「屁」が大好きな「中学生」のように無邪気な男
5月25日の放送で、蔦重の兄・次郎兵衛が放屁すると「オレたちは屁だぁ」と叫び、踊りながら狂歌(下記)を詠んだ大田南畝。狂歌師の号は「四方赤良」(よものあから)といいます。“四方の赤”という味噌からとった号という説があります。
七へ八へ へをこき井出の山吹の ミのひとつだに 出ぬぞきよけれ
7〜8回も屁をこいたが、山吹色のミ(う○こ)は出なかったので良しとしよう。
南畝の狂歌のコンセプトは「めでたし」。さらにそこに笑いを込める——その精神が凝縮されています。しかし、ただのお笑いではなく、実は『後拾遺集』にある和歌をパロっており、博学ぶりもうかがえるのです。
七重八重 花は咲けども山吹の みのひとつだに なきぞ悲しき
兼明(かねあきら)親王/後拾遺集
また、南畝の狂歌に「井出」とあります。これは山城国綴喜郡(つづきぐん/京都府)にある地名です。清流で知られる地であることから、いつしか和歌の歌枕となり、『古今集』にも登場します。その井出を「屁をこき井出」にかけ、さらに山吹の実をう○こに喩えるなど、「中学生か!」と突っ込みたくなるほど無邪気に見えますが、確かな知識の裏付けがあるわけです。
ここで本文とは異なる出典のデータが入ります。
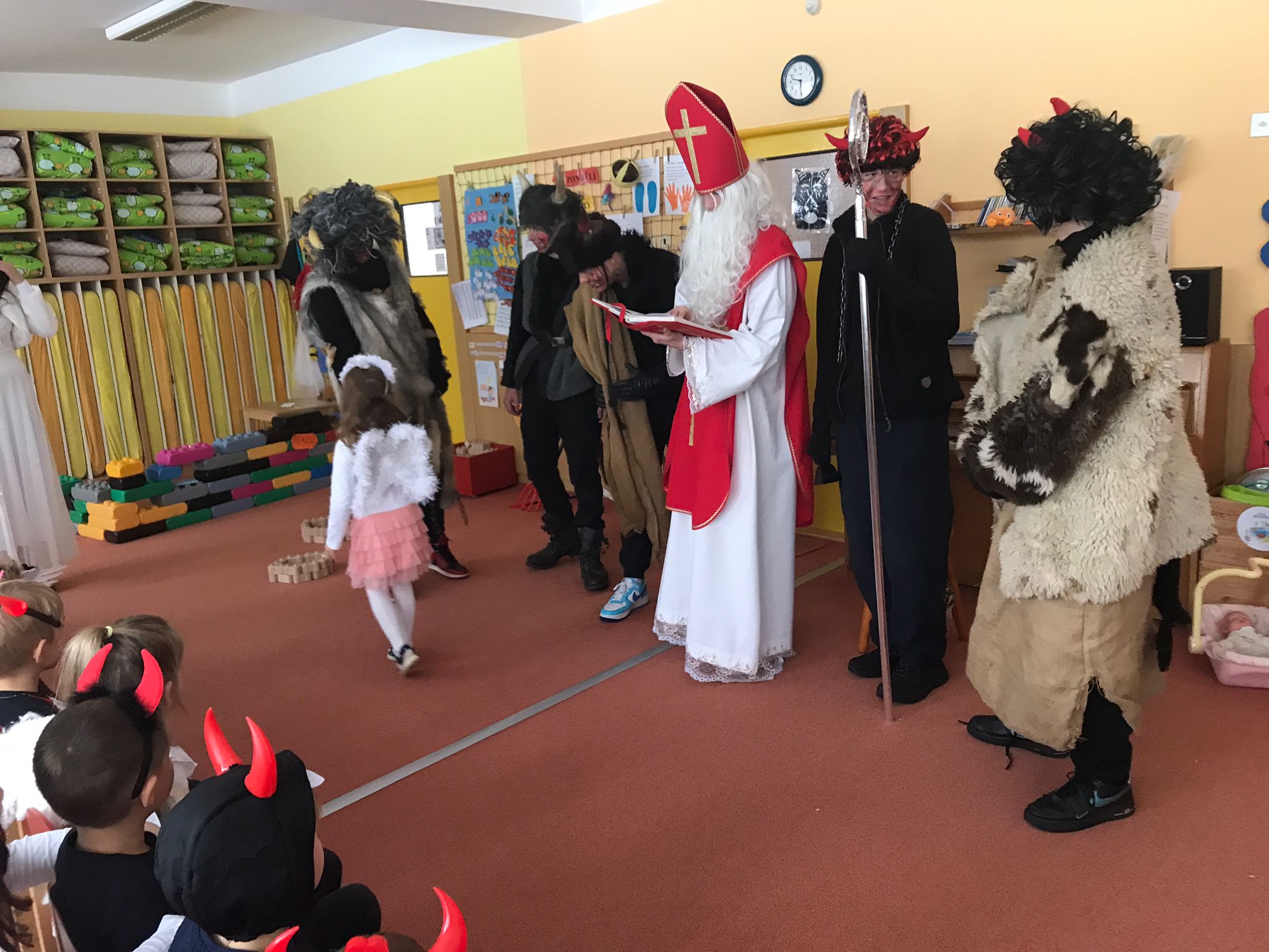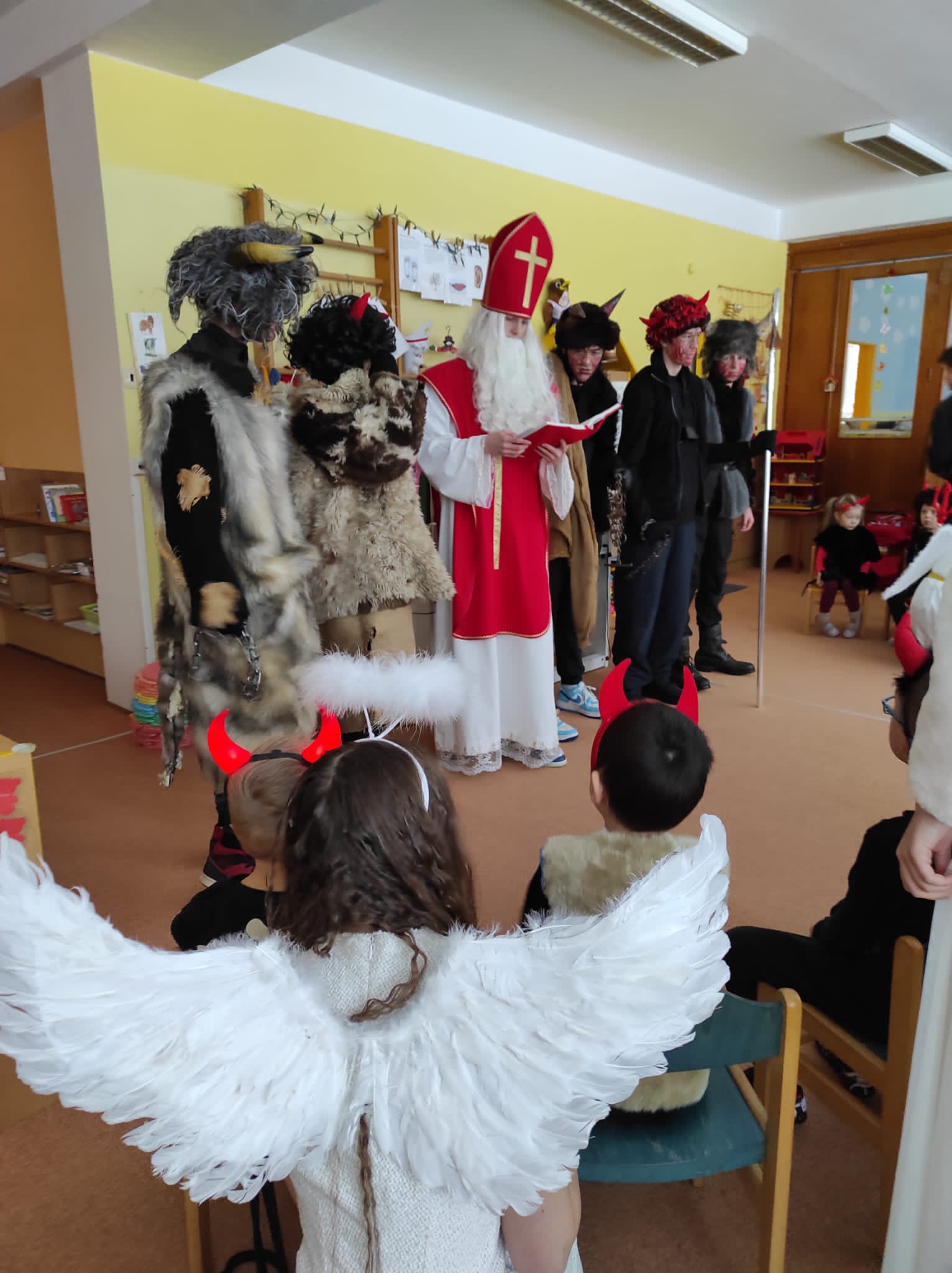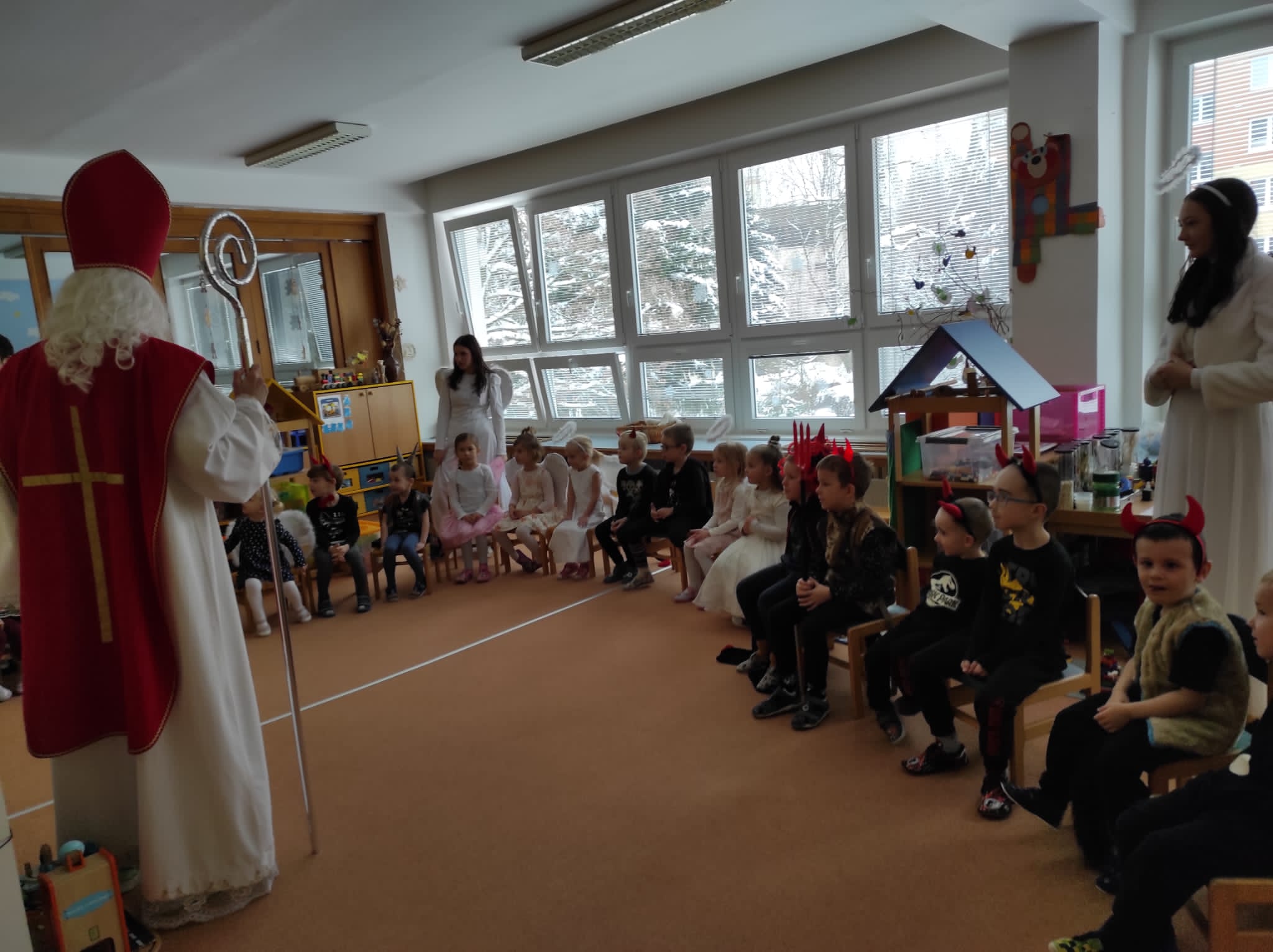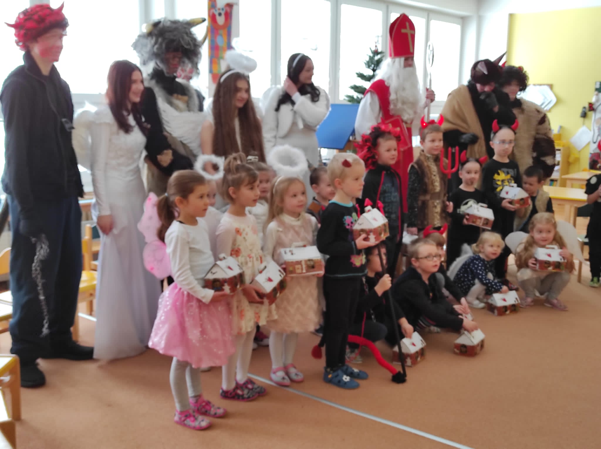 Minulý týden byl ve znamení čertů a andílků. Celý týden jsme si povídali o Mikuláši, hráli různé hry, pekli, zdobili stromeček a v úterý nás navštívil Mikuláš s čerty a anděly. Děti dostaly i mikulášskou nadílku.

南畝が編集した『万載狂歌集』(まんざいきょうかしゅう)では、この屁の狂歌は『放屁百首哥』(「ほうひひゃくしゅか」と読むと思われる)の「款冬」(かんとう/山吹の別名)としています。そんな歌集が南畝の生きた時代にあったのか怪しいものです。文政11(1828)年に『放屁百首』という書の写本が確認できますが、南畝とは無関係と考えられ、つまり『放屁百首哥』の款冬などというのも、そもそもでっちあげの冗談なのでしょう。
屁を題材にするのが好きなだけに、こんな狂歌も詠んでいます。
しつか屋の けふりをふすへこく時ハ ふゝとなくかの よりもつかれす
「しつか屋」は賤が屋(しずがや)=貧しい住まい、「けふりをふす」は榧(かや)や杉を焚べて煙を出すことです。蚊遣り火(かやりび)といい、防虫に役立ちました。南畝はそれを「ふすへ」=音のない屁、つまり“すかしっ屁”に置き換え、蚊の羽音を「ふゝ」というすかしっ屁の静かな音にかけています。隙間だらけのボロ屋なのに、屁が臭くて蚊も寄りつきゃしねぇ——という意味です。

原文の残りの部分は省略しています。